Available data.
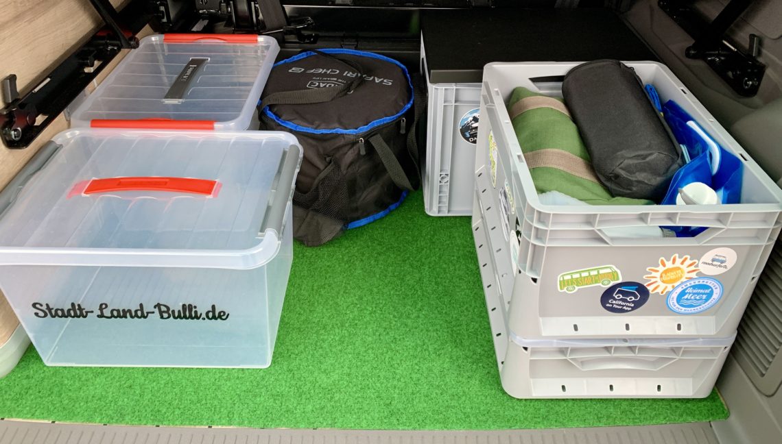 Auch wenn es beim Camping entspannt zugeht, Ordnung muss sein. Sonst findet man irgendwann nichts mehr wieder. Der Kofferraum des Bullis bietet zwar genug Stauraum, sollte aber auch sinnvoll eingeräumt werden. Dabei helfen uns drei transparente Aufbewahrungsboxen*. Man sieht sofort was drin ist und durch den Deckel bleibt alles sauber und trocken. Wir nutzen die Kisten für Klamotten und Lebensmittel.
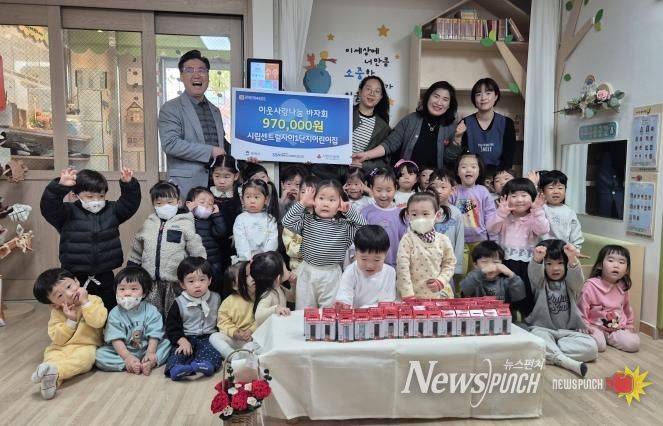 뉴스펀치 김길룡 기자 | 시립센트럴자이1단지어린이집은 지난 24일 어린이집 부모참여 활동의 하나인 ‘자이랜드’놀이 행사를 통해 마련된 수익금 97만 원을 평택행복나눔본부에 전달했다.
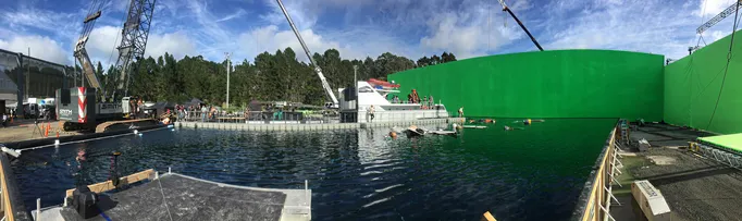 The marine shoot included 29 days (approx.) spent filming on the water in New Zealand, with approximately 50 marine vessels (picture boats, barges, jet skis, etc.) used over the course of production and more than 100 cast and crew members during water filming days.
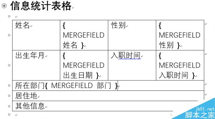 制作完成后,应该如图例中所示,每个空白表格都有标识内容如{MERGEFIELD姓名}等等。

Task to carry out.
Write out exactly, and only, the lines running from the line with "뉴스펀치 김길룡 기자" to the last line above, both included, with all pictures omitted.

Written solution.
 뉴스펀치 김길룡 기자 | 시립센트럴자이1단지어린이집은 지난 24일 어린이집 부모참여 활동의 하나인 ‘자이랜드’놀이 행사를 통해 마련된 수익금 97만 원을 평택행복나눔본부에 전달했다.
 The marine shoot included 29 days (approx.) spent filming on the water in New Zealand, with approximately 50 marine vessels (picture boats, barges, jet skis, etc.) used over the course of production and more than 100 cast and crew members during water filming days.
 制作完成后,应该如图例中所示,每个空白表格都有标识内容如{MERGEFIELD姓名}等等。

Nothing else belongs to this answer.